Mimo ogromnej odległości i niemałych kosztów do Krakowa przyjedzie ponad 13 tys. Brazylijczyków.
Przed trzema laty byli oni gospodarzami poprzedniego Światowego Dnia Młodzieży w Rio de Janeiro. Nie tylko tym, którzy pojadą do Polski, towarzyszy ogromny entuzjazm, a także chęć poznania ojczyzny Jana Pawła II – mówi kard. Odilio Pedro Scherer, który uczestniczył w spotkaniach przygotowujących do ŚDM, a w Krakowie będzie głosił katechezy.
„Wśród młodych panuje ogromny entuzjazm. Przygotowują się do przeżywania Dni Młodzieży także na odległość. Będą śledzili najważniejsze wydarzenia w swych wspólnotach, ruchach, stowarzyszeniach i parafiach. Myślę, że także dla tych, co pozostaną na miejscu, będzie to ważne doświadczenie – mówi Radiu Watykańskiemu arcybiskup São Paulo. – W perspektywie miłosierdzia są ważne punkty odniesienia: sanktuarium w Łagiewnikach, postać Jana Pawła II, który był arcybiskupem Krakowa, a także wizyta w Auschwitz, gdzie tak wielu ludzi zabito i spalono w krematoriach.
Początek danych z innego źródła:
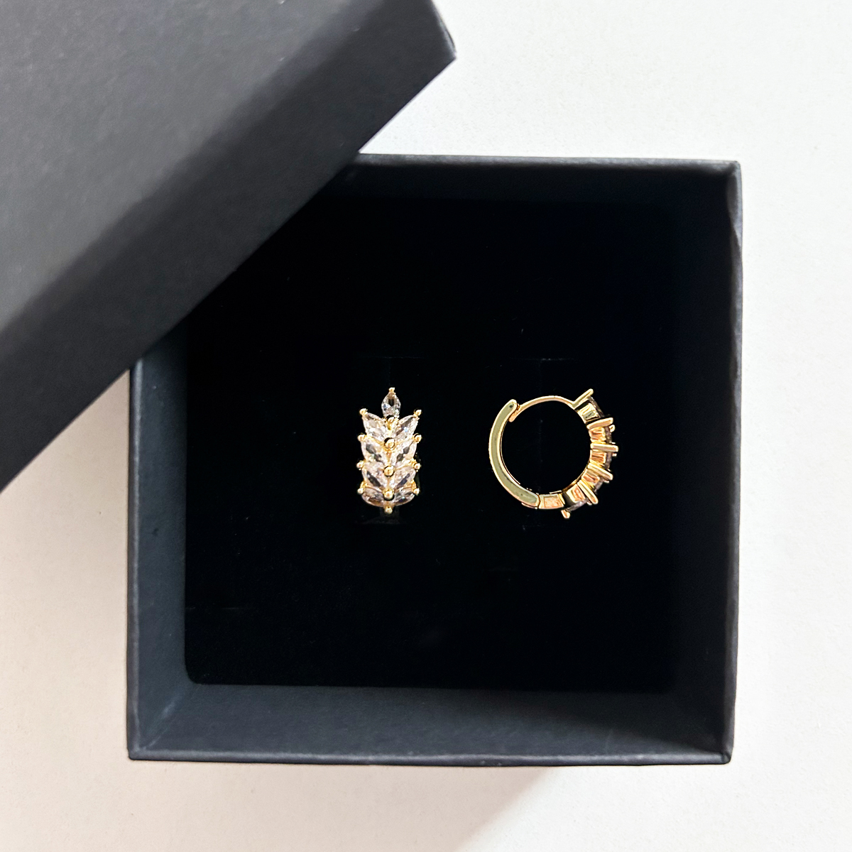 CERCHI IN OTTONE CON NAVETTE A PETALO IN ZIRCONI CUBICI TRASPARENTI.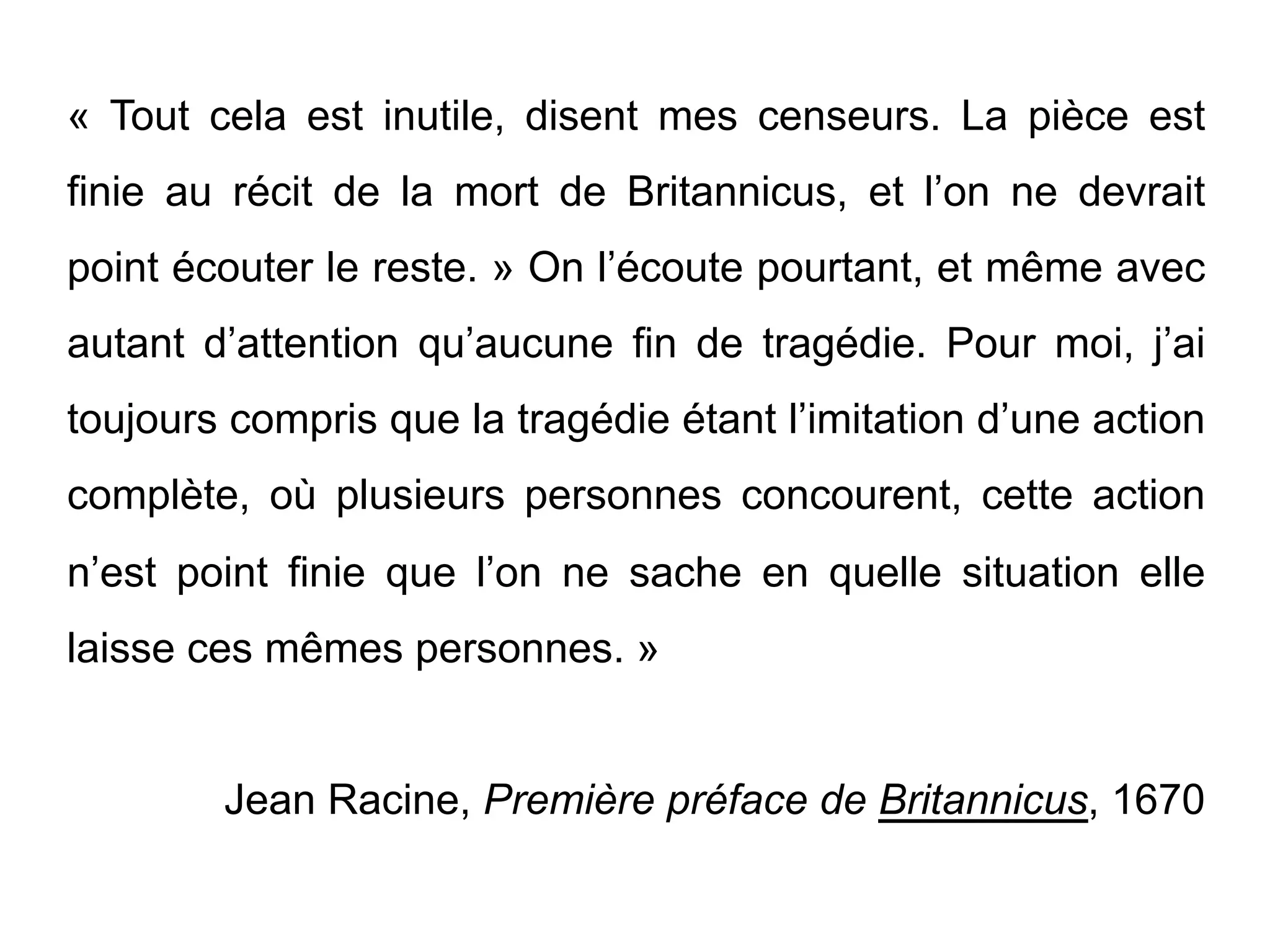 Jean Racine, dans sa première préface de Britannicus, souligne que la tragédie ne peut être considérée comme complète sans connaître le sort final des personnages. Malgré les critiques qui jugent la pièce inachevée après la mort de Britannicus, il affirme que l'écoute du reste est importante. Ainsi, il défend l'importance de comprendre l'issue de l'action pour une compréhension totale de la tragédie.

To jest wyraźny znak braku miłosierdzia, nieposzanowania praw człowieka i sprawiedliwości. Przede wszystkim jednak brak miłosierdzia prowadzi do zatwardziałości. Stąd też młodzi jadą tam, by usłyszeć wołanie o to, by mieli serca otwarte na miłosierdzie, które przekracza nawet prawo i sprawiedliwość. Miłosierdzie oznacza przekraczanie siebie, by stać się bliźnim dla ludzi będących w potrzebie”.